Unlike today, environmentalists and conservationists in the developed world some decades back claimed a string of victories.

Back then the issues were relatively straightforward: soil erosion, deforestation, clean air and water, eco-system conservation and the like.

The public listened to their messages and arguments and politicians taking the cue had to act. Even if there were especial interest groups that tried to stymie legislation and policies benefiting the environment, they too would come around before long.

But with global warming and climate change due to carbon emission shaping up to be the next environmental menace, consensus has not been easy to come by.

The unbridled use of fossil fuel is at issue here. And no good capitalist worth his salt, whether in China or India or anywhere is going to give up the right without a good fight, Kyoto Protocol or not.

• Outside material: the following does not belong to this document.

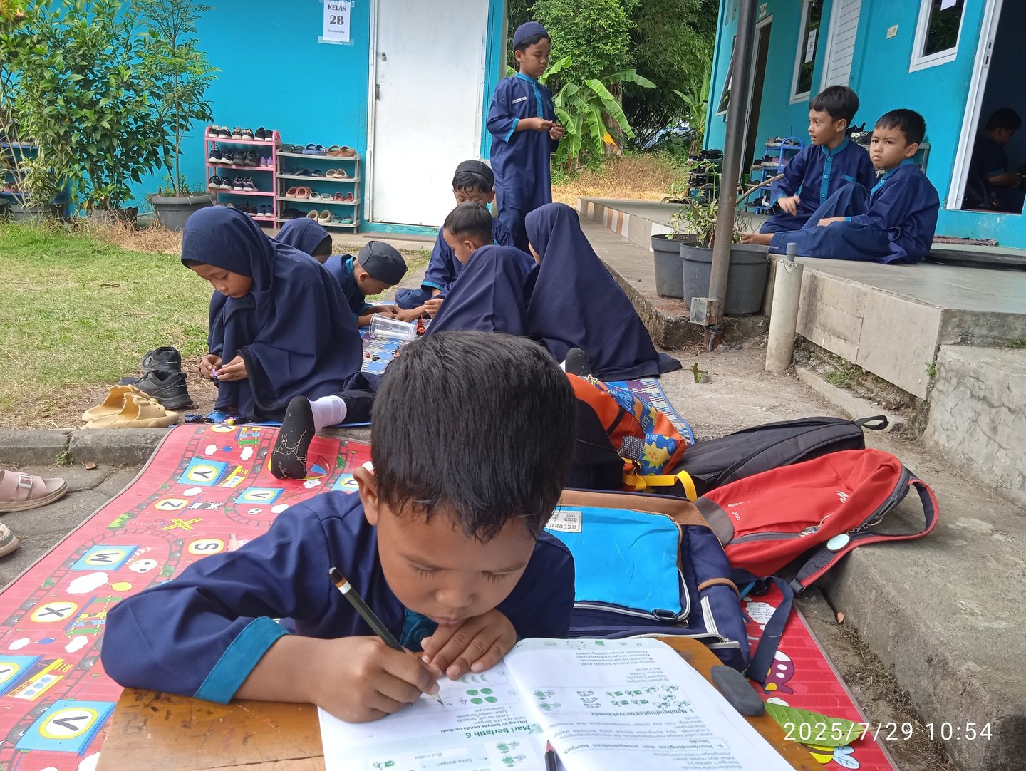 Pembelajaran luar ruangan (dihalaman sekolah) sehingga anak tidak cepat bosan dan tetap fokus dalam belajar, dan pembelajaran terasa menyenangkan.

Coming to the domestique front, how does global warming affect us and how do we affect it? Chaos theory or some version of it, they say, has it that even the fluttering of the wings of the moth sends ripples, the repercussions of which are felt at the other end of the Universe. So even poor, non-industialized third world countries are bound to have some impact. After all countries like Ethiopia that burn about one billion Birr worth of fuel annually cannot claim total pristine lifestyles.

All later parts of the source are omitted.